*** Opening of DATA FOR THIS TASK ***

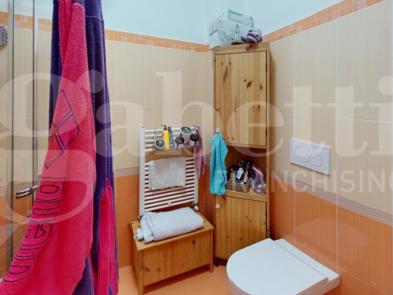 al piano seminterrato due camere da letto matrimoniali di 24 mq ciascuna e un bagno dotato di aspiratore e con box doccia.
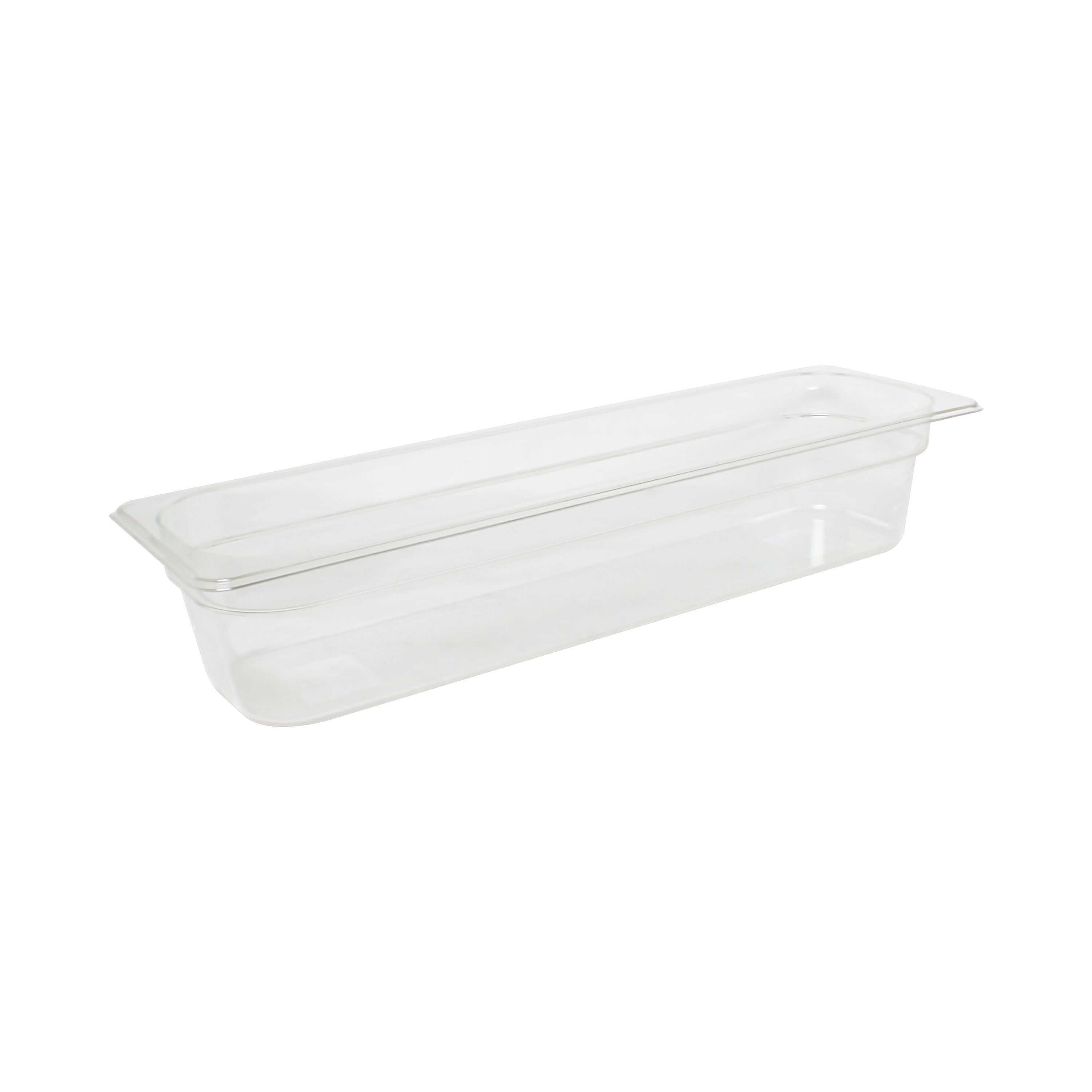 Half Size Long, 4" Deep, Food Pan, Clear Color, Polycarbonate, withstand temperature from -40°F up to 210°F, Dishwasher Safe, Break-Resistant, Shatter-Resistant, No Microwave, No Oven, NSF
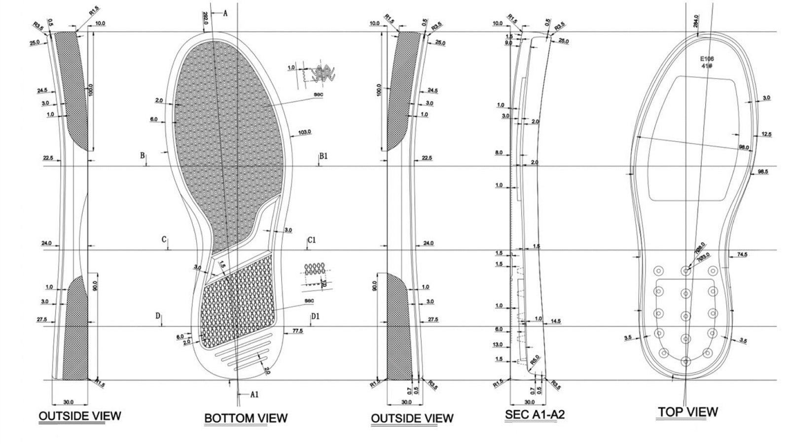 ランニングシューズによく見られる袋縫い(ストローベル製法)と釣り込み(ラスティング)のハイブリッド製法。袋縫いならでは屈曲性と柔らかな履き心地と革靴のような綺麗なつま先のラインを両立させた。
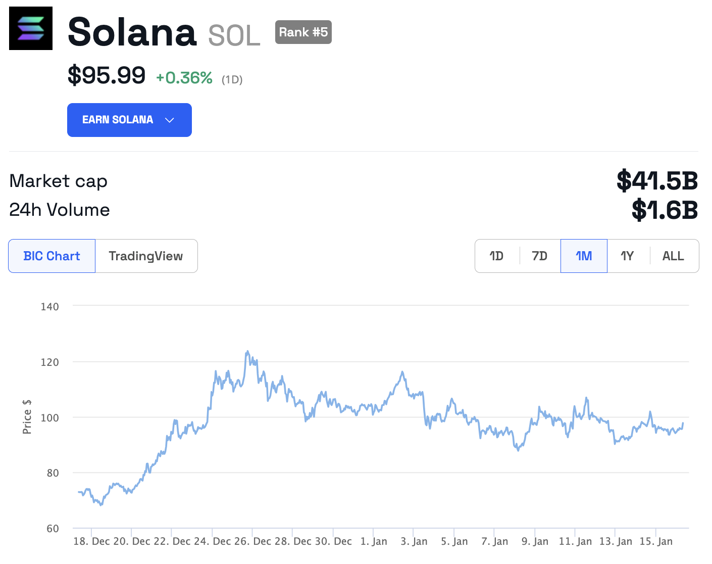 Betrachtet man die Marktperformance, so notiert Solana derzeit bei 95,99 USD mit einem 24-Stunden-Handelsvolumen von 1,6 Milliarden USD. Trotz eines leichten Rückgangs von 1,63 Prozent in den letzten 24 Stunden hat SOL im vergangenen Jahr ein außergewöhnliches Wachstum von über 1.000 Prozent verzeichnet.
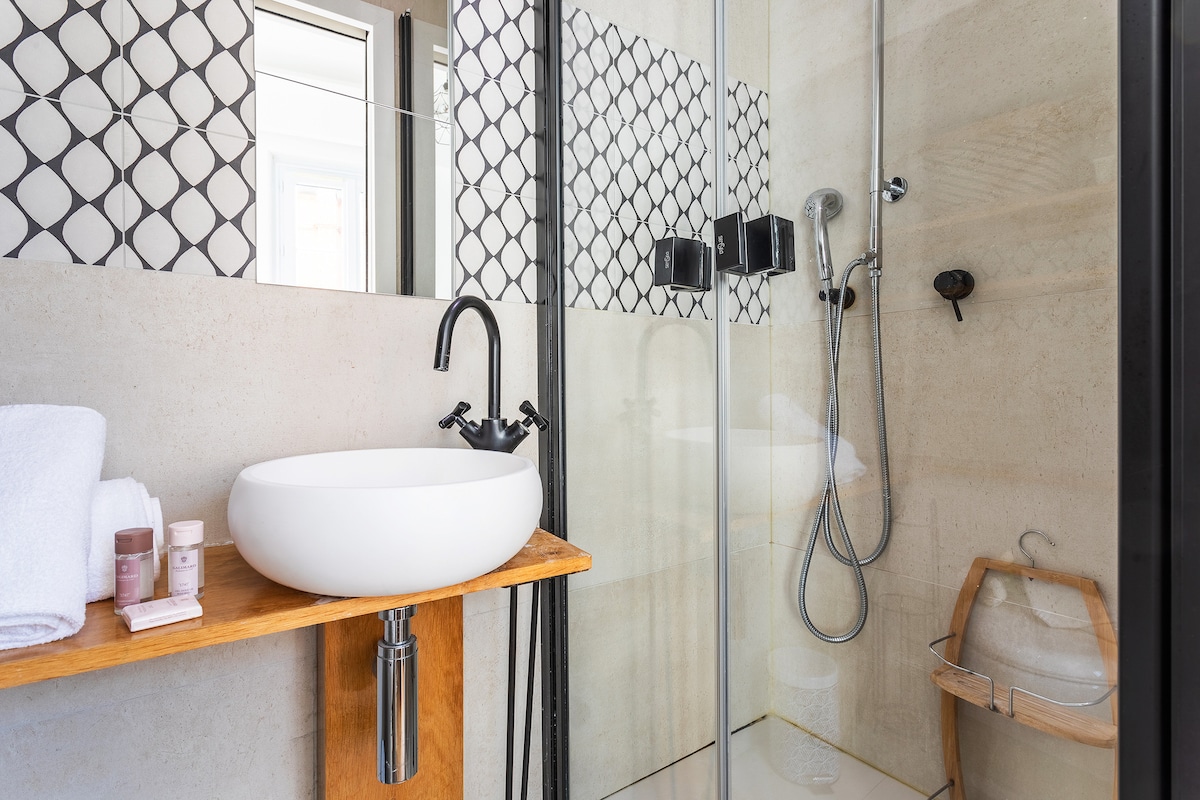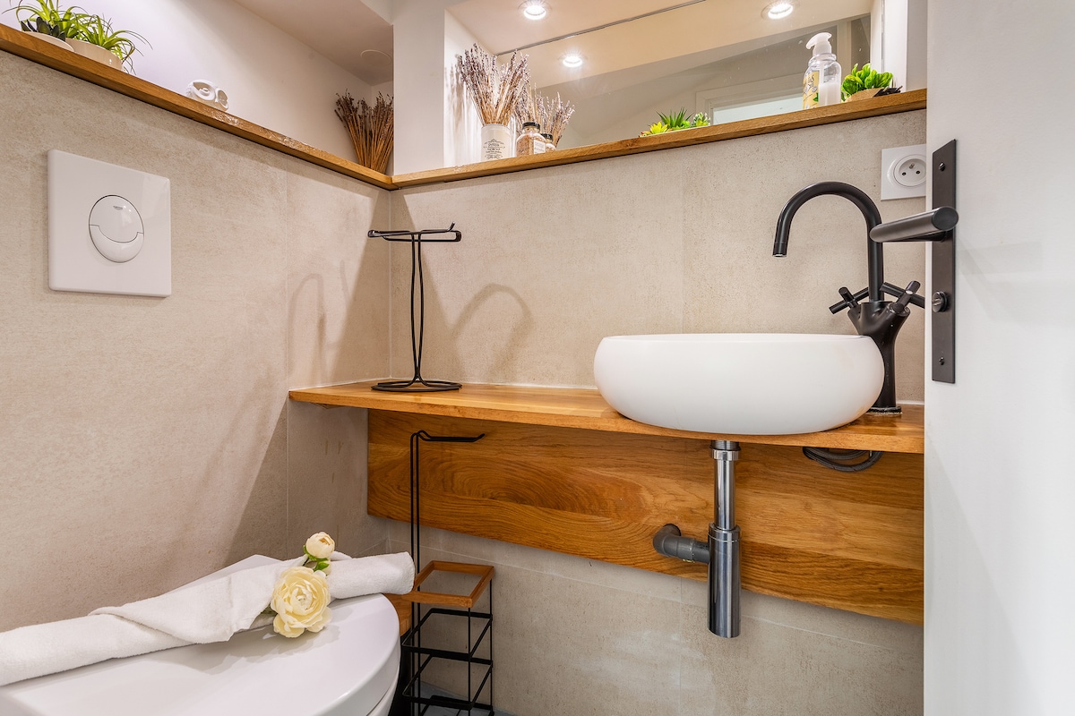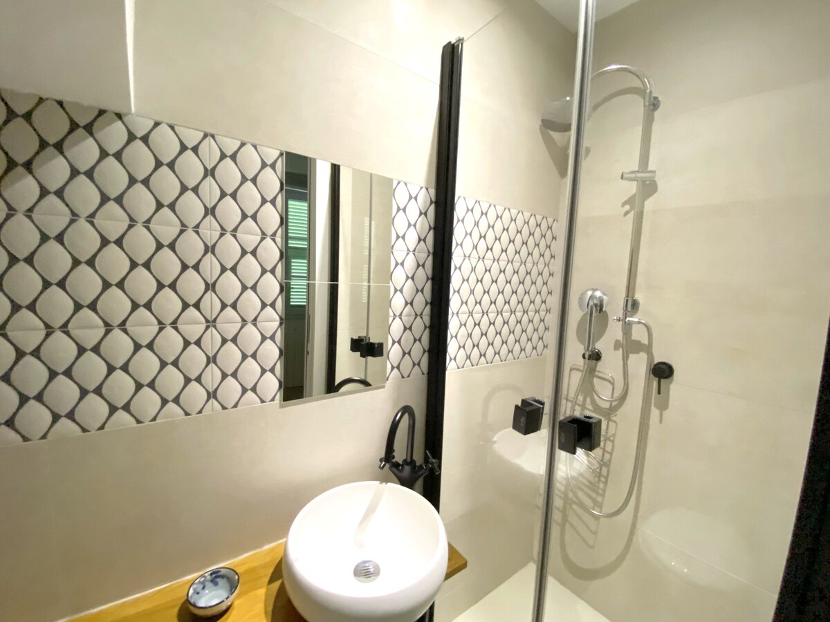 The first bedroom has a 160 x 200cm bed and bedside tables. It has its private bathroom with shower and washbasin as well as a toilet. Windows overlooking a quiet and pedestrian street in the old town.
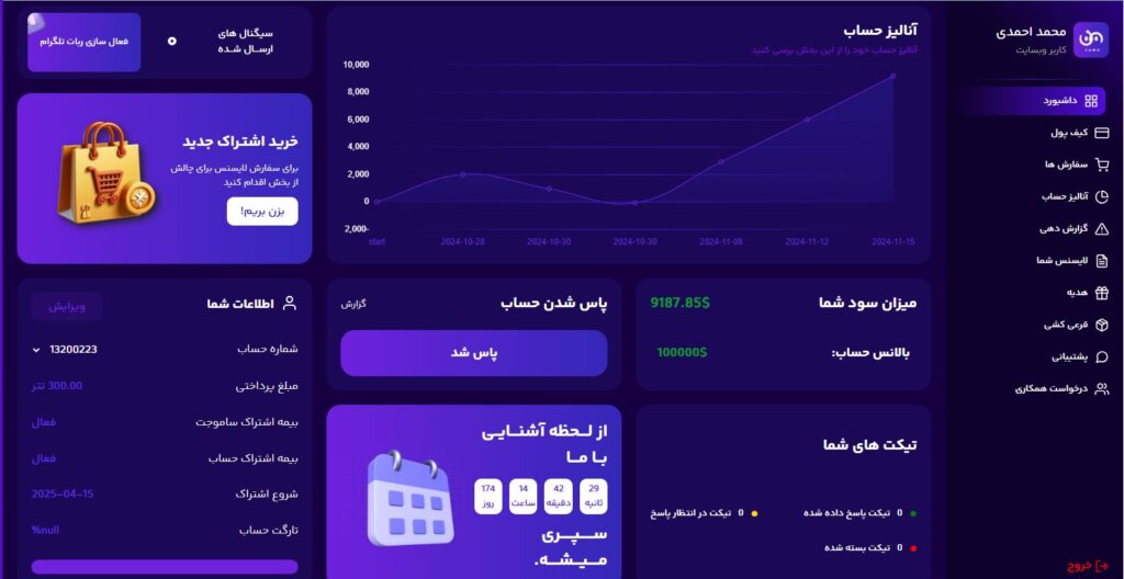 بعد از پرداخت با ارز مورد نظر بصورت خودکار به داشبورد کاربری وصل میشوید

*** Close of DATA FOR THIS TASK ***

## EXERCISE BRIEF
Transcribe the entries above exactly, from their first line through the line with "Betrachtet man die", and omit all pictures.

## ANSWER SECTION
 al piano seminterrato due camere da letto matrimoniali di 24 mq ciascuna e un bagno dotato di aspiratore e con box doccia.
 Half Size Long, 4" Deep, Food Pan, Clear Color, Polycarbonate, withstand temperature from -40°F up to 210°F, Dishwasher Safe, Break-Resistant, Shatter-Resistant, No Microwave, No Oven, NSF
 ランニングシューズによく見られる袋縫い(ストローベル製法)と釣り込み(ラスティング)のハイブリッド製法。袋縫いならでは屈曲性と柔らかな履き心地と革靴のような綺麗なつま先のラインを両立させた。
 Betrachtet man die Marktperformance, so notiert Solana derzeit bei 95,99 USD mit einem 24-Stunden-Handelsvolumen von 1,6 Milliarden USD. Trotz eines leichten Rückgangs von 1,63 Prozent in den letzten 24 Stunden hat SOL im vergangenen Jahr ein außergewöhnliches Wachstum von über 1.000 Prozent verzeichnet.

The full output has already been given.